Neben der Kritik an dem Vorpreschen der Bayern beispielsweise von der Pflegebevollmächtigte der Bundesregierung, Claudia Moll, die vor Alleingängen einzelner Bundesländer warnt, gibt es auch solche Stimmen: »Der Vorstand der Deutschen Stiftung Patientenschutz, Eugen Brysch, forderte …, das Gesetz nicht wie geplant umzusetzen. „Wenn eine Norm vorhersehbar scheitert, dann gibt es nur eine Lösung: Bund und Länder müssen ihren Fehler revidieren“ … jetzt schlägt die Praxis mit aller Macht zurück. Denn weder der Vollzug, noch die arbeitsrechtlichen Folgen, geschweige denn die Auswirkungen des Ausfalls zehntausender von Pflegekräften wurden bedacht“, sagte Brysch.«

Allerdings sei auch das Vorgehen Bayerns kein gangbarer Weg, sondern ein verfassungsrechtlicher Verstoß. „Der einzige Ausweg aus dem Dilemma ist, das Gesetz aufzuheben“, so Brysch.
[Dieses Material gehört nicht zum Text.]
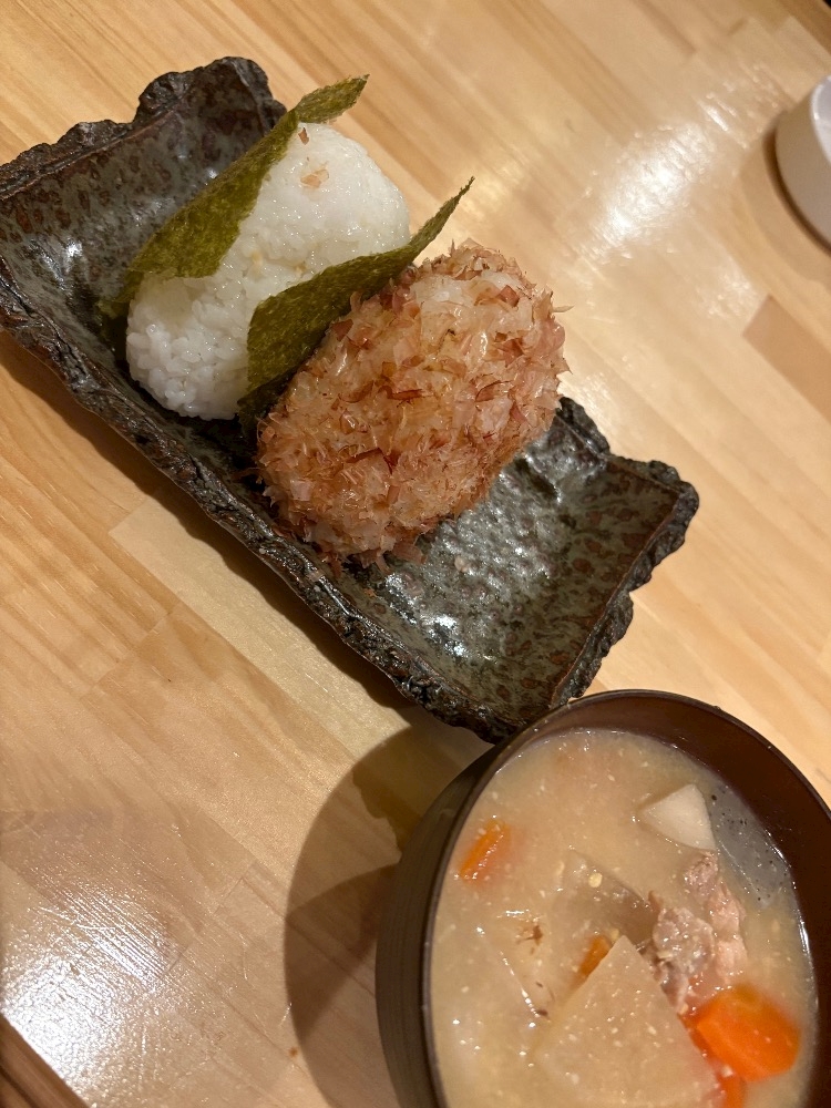 鮭と、おかかのおにぎりに豚汁🍙
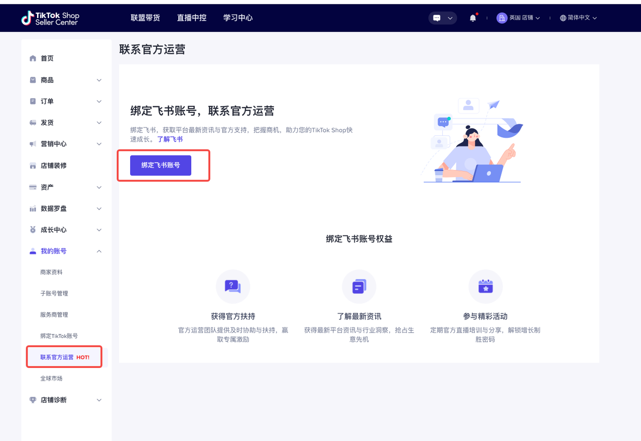 登录TikTok店铺后台,左侧导航栏选择“我的账号>联系官方运营”,右侧页面点击“绑定飞书账号”。

Wie dem auch sei, mit dem, was Söder heute angekündigt hat, wurde der finale Sargnagel vorangetrieben, was die flächendeckende Umsetzung der von Bundestag und Bundesrat (mit den Stimmen Bayerns) beschlossenen partiellen Impfpflicht angeht. Diejenigen, die sich aus welchen Gründen bislang (noch?) nicht geimpft haben, werden nun keinen „Motivationsschub“ bekommen, das noch nachzuholen.